With the pictures left aside, write out exactly the lines of the listing below from the line with "Elderly-Friendly Bathroom Design" to the line with "Nesse domingo, 23, a", both included, and only those.
....
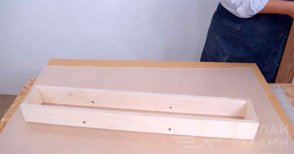 Накрываем сверху и снизу двумя крышками из того же листа фанеры, оставив вылет на толщину присоединяемой части подвижного механизма.
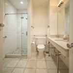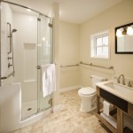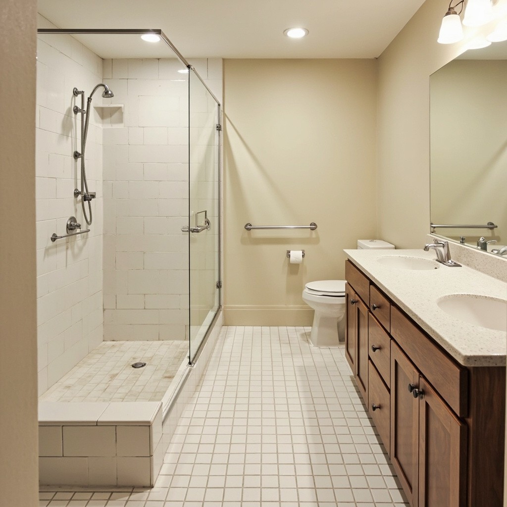 Elderly-Friendly Bathroom Design with Walk-In Shower and Twin Sinks
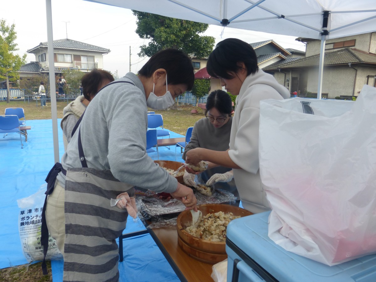 ↑炊き上がったら、女性陣が精魂込めて握ってくださいました!!
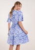Blue Vanilla Blue Abstract Shirred Waist V Neck Dress
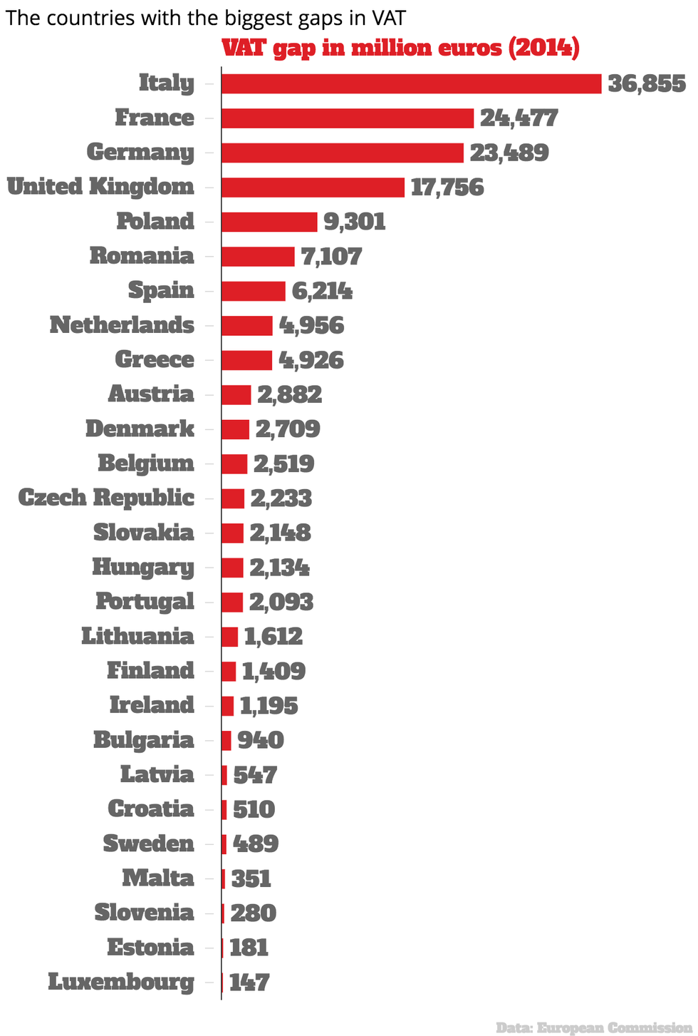 Italy is the biggest tax dodger in the EU, with 36 billion euros left unpaid on VAT.
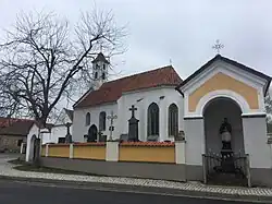 Kostel je dominantou obce, avšak i přesto jde o drobnou stavbu, kterou lze snadno přehlédnout. Stavba se nachází přímo v centru obce hned vedle hlavní silnice. Je obklopen hřbitovem zakončeným zdí, ve které můžeme najít malou výklenkovou kapli se sochou sv. Jana Nepomuckého z roku 1851.
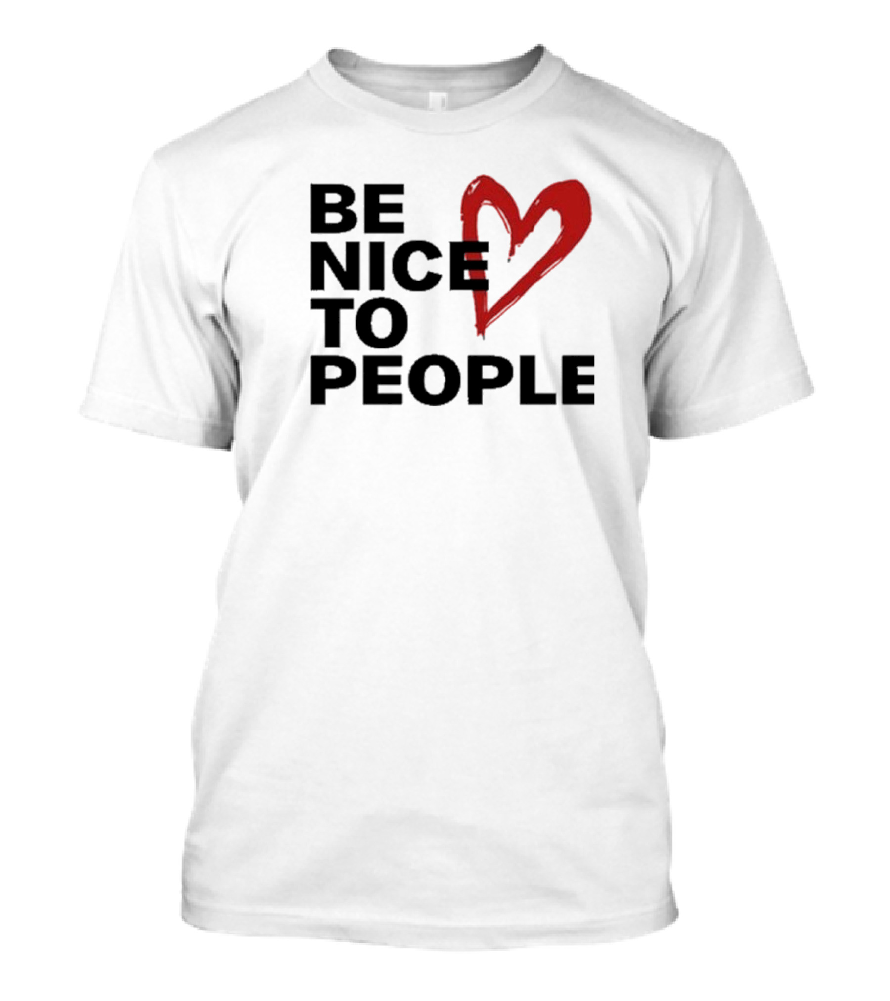 The Be Nice to People Red Heart T-shirt is designed for everyday wear and a consistent fit. Fabric is pre-shrunk ring-spun cotton with durable stitching. See the size chart below for exact measurements.
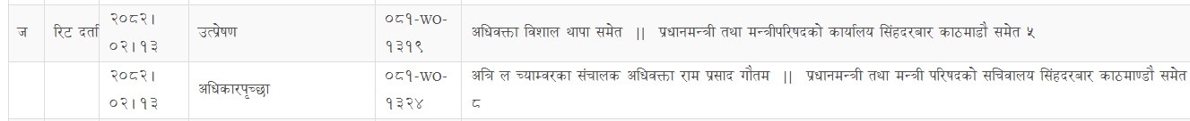 आज सर्वोच्च अदालतका न्यायाधीश मोहम्मद अजिज मुसलमानको इजलासमा अधिवक्ता अनन्त लुईटेल, विशाल थापा समेतको पहिलो मुद्दा रहेको छ भने दोस्रो मुद्दामा अत्रि ल च्याम्बरका राम प्रसाद गौतमले दायर गरेको दोस्रो मुद्दामाथि आजै सुनुवाई हुनेछ । आजै अल्पकालिन अन्तरिम आदेश समेत आउन सक्नेछ ।
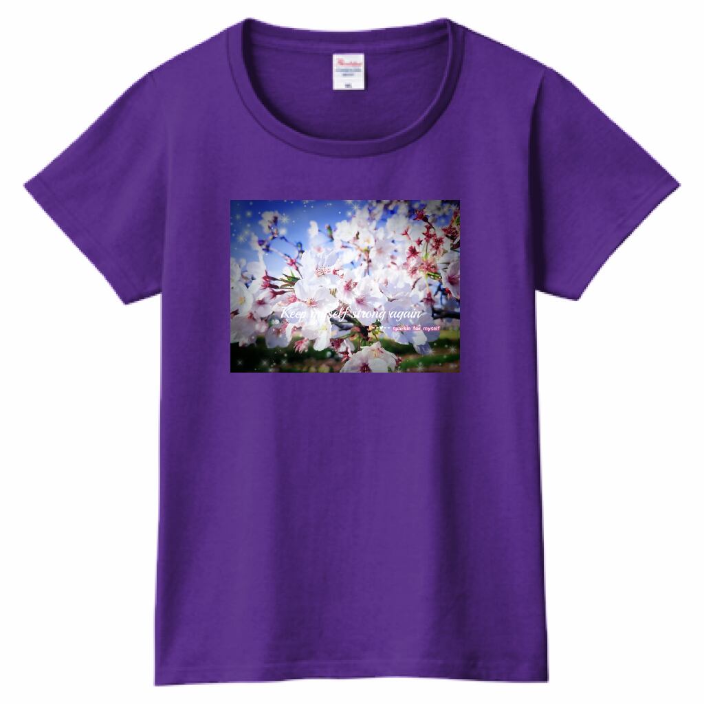 [Dark]♠キラキラCherry blossomTシャツ☁ヘビーウェイトTシャツ☁Ladies〔Printstar✵੯•`໒♥Purple
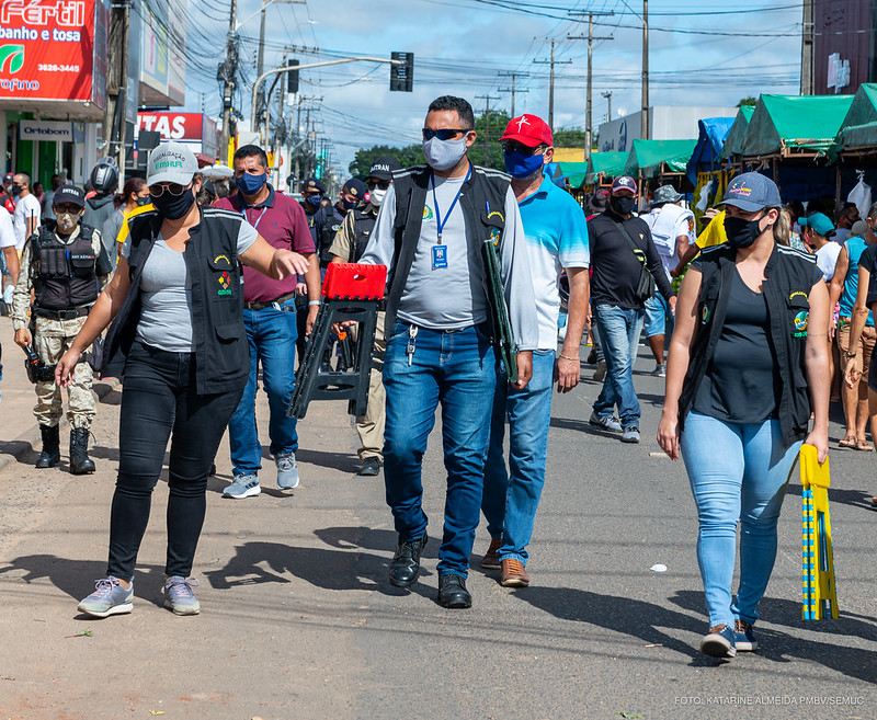 Nesse domingo, 23, a Prefeitura de Boa Vista promoveu uma ação de orientação e fiscalização na Feira do Garimpeiro, a fim de organizar melhor o espaço comercial para a passagem das pessoas sem aglomeração e evitar que os ambulantes tomem a pista de rolamento das calçadas ao longo da avenida Ataíde Teive. As feiras livres passaram por uma estruturação desde a retomada gradual em setembro de 2020, por meio do Decreto 97/E.
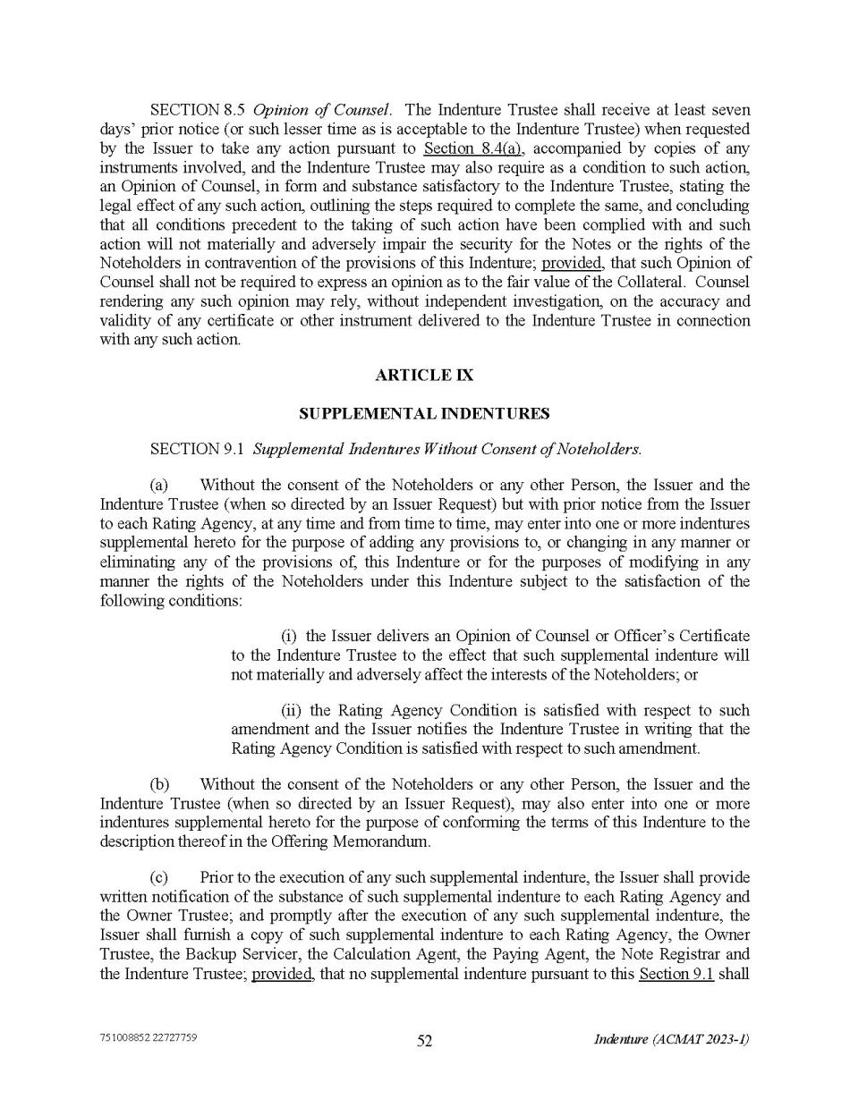 751008852 22727759 52 Indenture (ACMAT 2023 - 1) SECTION 8 . 5 Opinion of Counsel . The Indenture Trustee shall receive at least seven days’ prior notice (or such lesser time as is acceptable to the Indenture Trustee) when requested by the Issuer to take any action pursuant to Section 8 . 4 (a) , accompanied by copies of any instruments involved, and the Indenture Trustee may also require as a condition to such action, an Opinion of Counsel, in form and substance satisfactory to the Indenture Trustee, stating the legal effect of any such action, outlining the steps required to complete the same, and concluding that all conditions precedent to the taking of such action have been complied with and such action will not materially and adversely impair the security for the Notes or the rights of the Noteholders in contravention of the provisions of this Indenture ; provided , that such Opinion of Counsel shall not be required to express an opinion as to the fair value of the Collateral . Counsel rendering any such opinion may rely, without independent investigation, on the accuracy and validity of any certificate or other instrument delivered to the Indenture Trustee in connection with any such action . ARTICLE IX SUPPLEMENTAL INDENTURES SECTION 9.1 Supplemental Indentures Without Consent of Noteholders . (a) Without the consent of the Noteholders or any other Person, the Issuer and the Indenture Trustee (when so directed by an Issuer Request) but with prior notice from the Issuer to each Rating Agency, at any time and from time to time, may enter into one or more indentures supplemental hereto for the purpose of adding any provisions to, or changing in any manner or eliminating any of the provisions of, this Indenture or for the purposes of modifying in any manner the rights of the Noteholders under this Indenture subject to the satisfaction of the following conditions : (i) the Issuer delivers an Opinion of Counsel or Officer’s Certificate to the Indenture Trustee to the effect that such supplemental indenture will not materially and adversely affect the interests of the Noteholders ; or (ii) the Rating Agency Condition is satisfied with respect to such amendment and the Issuer notifies the Indenture Trustee in writing that the Rating Agency Condition is satisfied with respect to such amendment . (b) Without the consent of the Noteholders or any other Person, the Issuer and the Indenture Trustee (when so directed by an Issuer Request), may also enter into one or more indentures supplemental hereto for the purpose of conforming the terms of this Indenture to the description thereof in the Offering Memorandum . (c) Prior to the execution of any such supplemental indenture, the Issuer shall provide written notification of the substance of such supplemental indenture to each Rating Agency and the Owner Trustee ; and promptly after the execution of any such supplemental indenture, the Issuer shall furnish a copy of such supplemental indenture to each Rating Agency, the Owner Trustee, the Backup Servicer, the Calculation Agent, the Paying Agent, the Note Registrar and the Indenture Trustee ; provided , that no supplemental indenture pursuant to this Section 9 . 1 shall
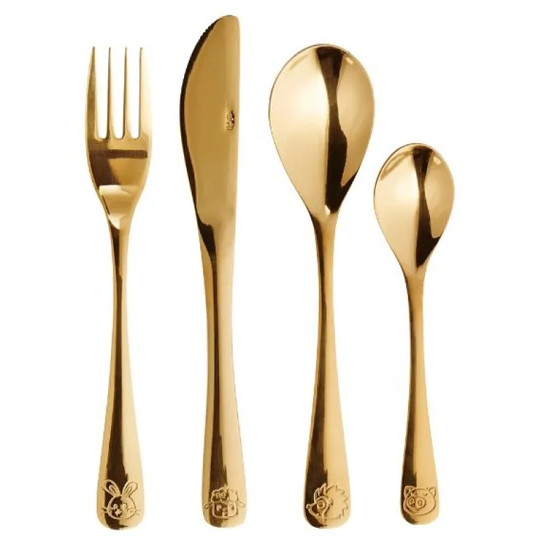 Aida mini barnebestikk gull 1 sett -nå også til de minste. Atelier 4 deler barnebestikk (mini) er enkelt og klassisk, med søte dyr inngravert, og som gjør måltidene ekstra hyggelige. De enkelte delene ligger godt i hånden. Fås i blank, gull og sort. Tåler naturligvis oppvaskmaskin.
....
- Response to this exercise:
 Elderly-Friendly Bathroom Design with Walk-In Shower and Twin Sinks
 ↑炊き上がったら、女性陣が精魂込めて握ってくださいました!!
Blue Vanilla Blue Abstract Shirred Waist V Neck Dress
 Italy is the biggest tax dodger in the EU, with 36 billion euros left unpaid on VAT.
 Kostel je dominantou obce, avšak i přesto jde o drobnou stavbu, kterou lze snadno přehlédnout. Stavba se nachází přímo v centru obce hned vedle hlavní silnice. Je obklopen hřbitovem zakončeným zdí, ve které můžeme najít malou výklenkovou kapli se sochou sv. Jana Nepomuckého z roku 1851.
 The Be Nice to People Red Heart T-shirt is designed for everyday wear and a consistent fit. Fabric is pre-shrunk ring-spun cotton with durable stitching. See the size chart below for exact measurements.
 आज सर्वोच्च अदालतका न्यायाधीश मोहम्मद अजिज मुसलमानको इजलासमा अधिवक्ता अनन्त लुईटेल, विशाल थापा समेतको पहिलो मुद्दा रहेको छ भने दोस्रो मुद्दामा अत्रि ल च्याम्बरका राम प्रसाद गौतमले दायर गरेको दोस्रो मुद्दामाथि आजै सुनुवाई हुनेछ । आजै अल्पकालिन अन्तरिम आदेश समेत आउन सक्नेछ ।
 [Dark]♠キラキラCherry blossomTシャツ☁ヘビーウェイトTシャツ☁Ladies〔Printstar✵੯•`໒♥Purple
 Nesse domingo, 23, a Prefeitura de Boa Vista promoveu uma ação de orientação e fiscalização na Feira do Garimpeiro, a fim de organizar melhor o espaço comercial para a passagem das pessoas sem aglomeração e evitar que os ambulantes tomem a pista de rolamento das calçadas ao longo da avenida Ataíde Teive. As feiras livres passaram por uma estruturação desde a retomada gradual em setembro de 2020, por meio do Decreto 97/E.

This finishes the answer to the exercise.